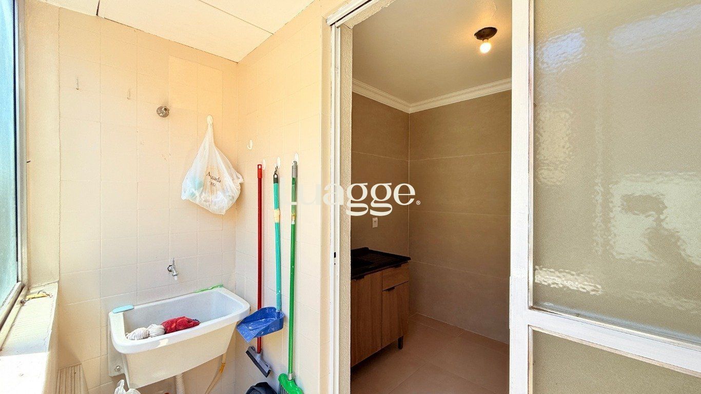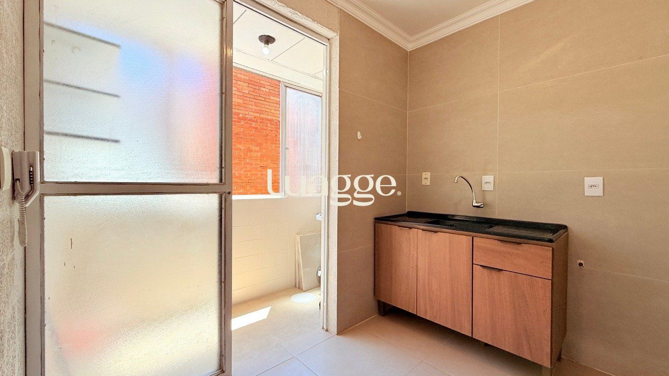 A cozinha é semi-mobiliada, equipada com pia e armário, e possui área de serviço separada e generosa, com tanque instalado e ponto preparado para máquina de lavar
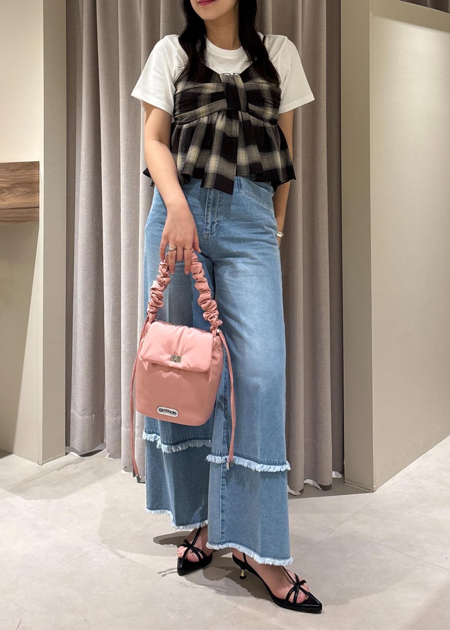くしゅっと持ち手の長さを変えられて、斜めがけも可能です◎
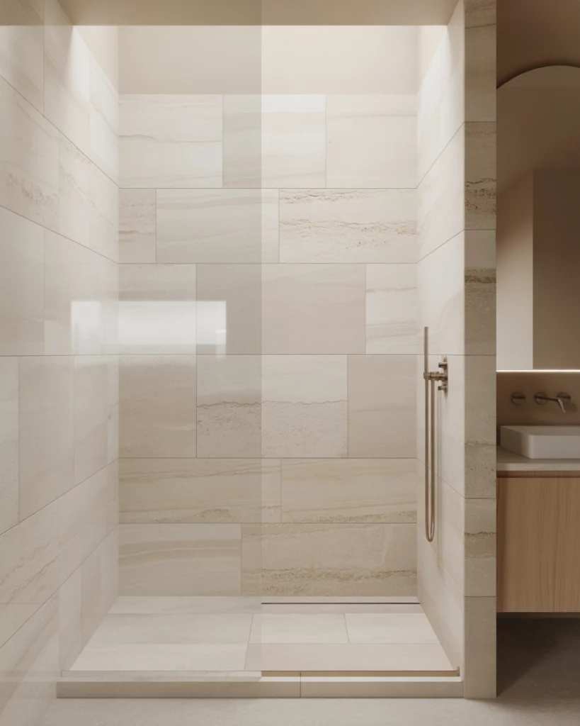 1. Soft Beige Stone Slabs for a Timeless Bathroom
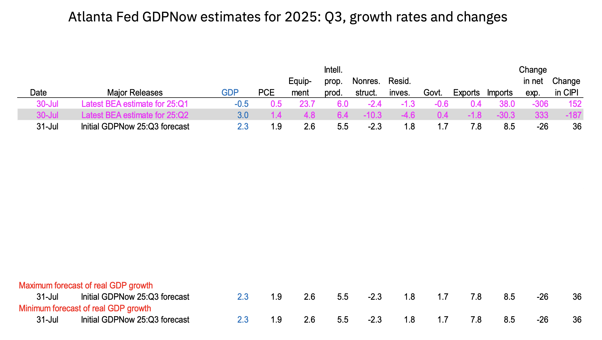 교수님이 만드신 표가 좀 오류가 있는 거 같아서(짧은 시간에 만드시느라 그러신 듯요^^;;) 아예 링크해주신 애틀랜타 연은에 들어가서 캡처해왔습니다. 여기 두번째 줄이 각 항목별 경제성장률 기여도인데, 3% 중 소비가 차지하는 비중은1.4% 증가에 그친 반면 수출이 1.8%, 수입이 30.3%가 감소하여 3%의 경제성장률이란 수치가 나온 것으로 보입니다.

────────────────────

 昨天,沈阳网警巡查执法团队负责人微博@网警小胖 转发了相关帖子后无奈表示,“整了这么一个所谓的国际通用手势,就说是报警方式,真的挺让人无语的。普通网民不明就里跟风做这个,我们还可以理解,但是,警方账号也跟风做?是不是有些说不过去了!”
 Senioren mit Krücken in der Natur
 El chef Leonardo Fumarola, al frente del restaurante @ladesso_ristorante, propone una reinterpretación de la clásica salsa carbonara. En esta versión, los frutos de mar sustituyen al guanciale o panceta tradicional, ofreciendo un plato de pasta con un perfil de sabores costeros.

────────────────────

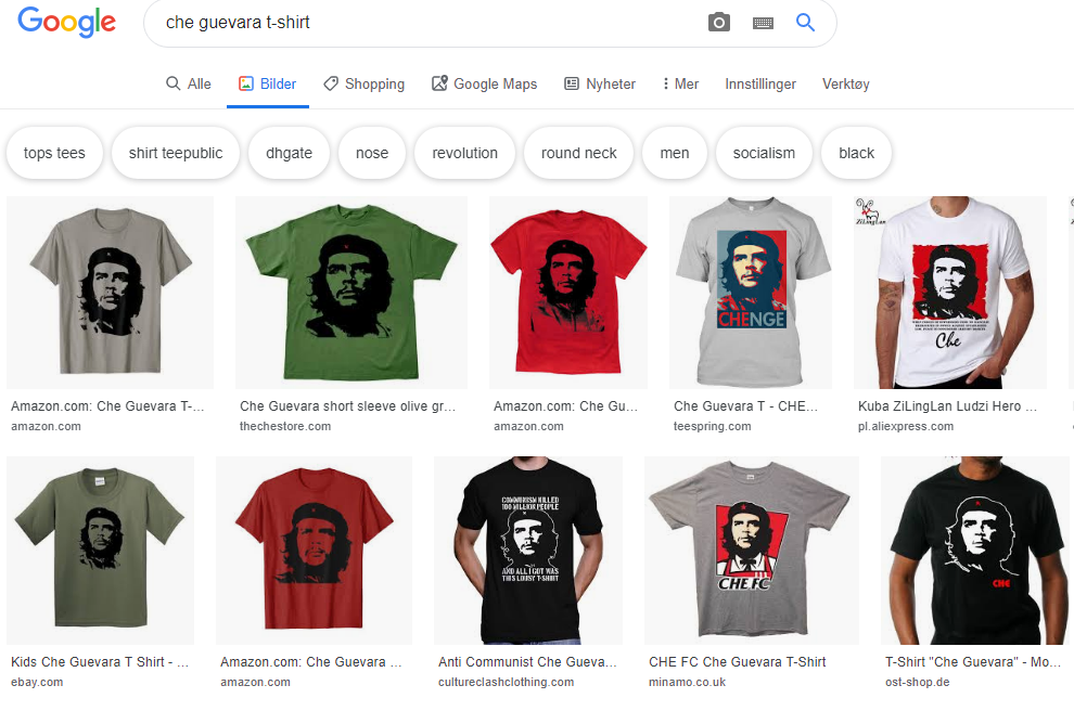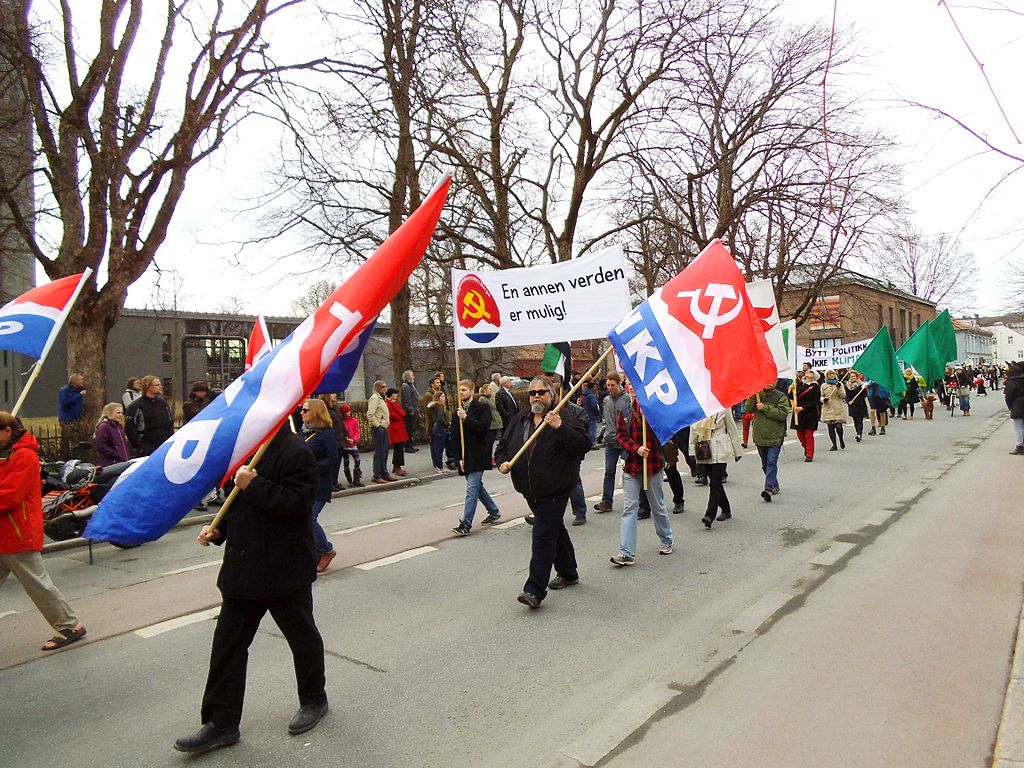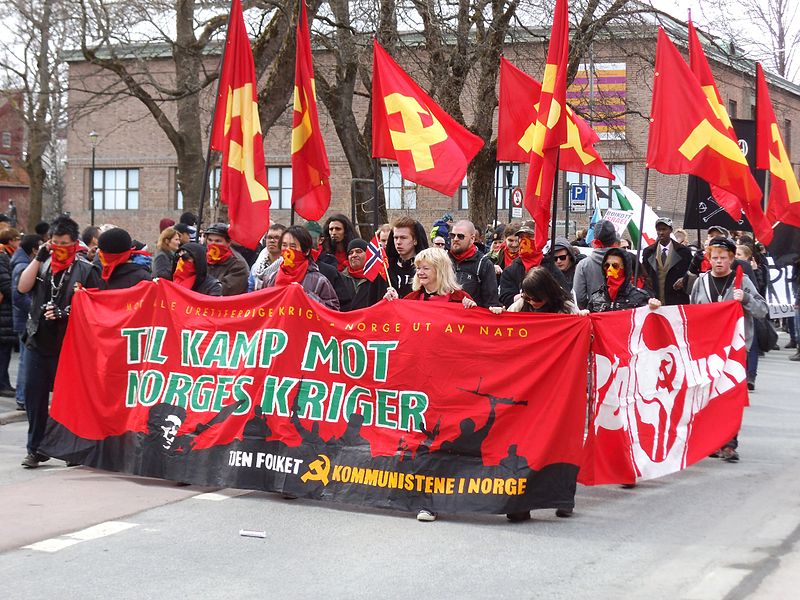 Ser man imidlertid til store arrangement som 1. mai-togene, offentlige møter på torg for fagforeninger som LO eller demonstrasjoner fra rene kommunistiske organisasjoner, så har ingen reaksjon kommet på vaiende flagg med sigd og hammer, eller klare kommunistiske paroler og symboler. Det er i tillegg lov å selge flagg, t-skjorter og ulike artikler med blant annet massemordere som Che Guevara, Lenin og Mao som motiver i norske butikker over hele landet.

────────────────────

YOUR OBJECTIVE
Between and including the line above that contains "A cozinha é" and the line that contains "교수님이 만드신 표가", restate every line word for word. Pictures stay out.

RESULT OF THE TASK
 A cozinha é semi-mobiliada, equipada com pia e armário, e possui área de serviço separada e generosa, com tanque instalado e ponto preparado para máquina de lavar
くしゅっと持ち手の長さを変えられて、斜めがけも可能です◎
 1. Soft Beige Stone Slabs for a Timeless Bathroom
 교수님이 만드신 표가 좀 오류가 있는 거 같아서(짧은 시간에 만드시느라 그러신 듯요^^;;) 아예 링크해주신 애틀랜타 연은에 들어가서 캡처해왔습니다. 여기 두번째 줄이 각 항목별 경제성장률 기여도인데, 3% 중 소비가 차지하는 비중은1.4% 증가에 그친 반면 수출이 1.8%, 수입이 30.3%가 감소하여 3%의 경제성장률이란 수치가 나온 것으로 보입니다.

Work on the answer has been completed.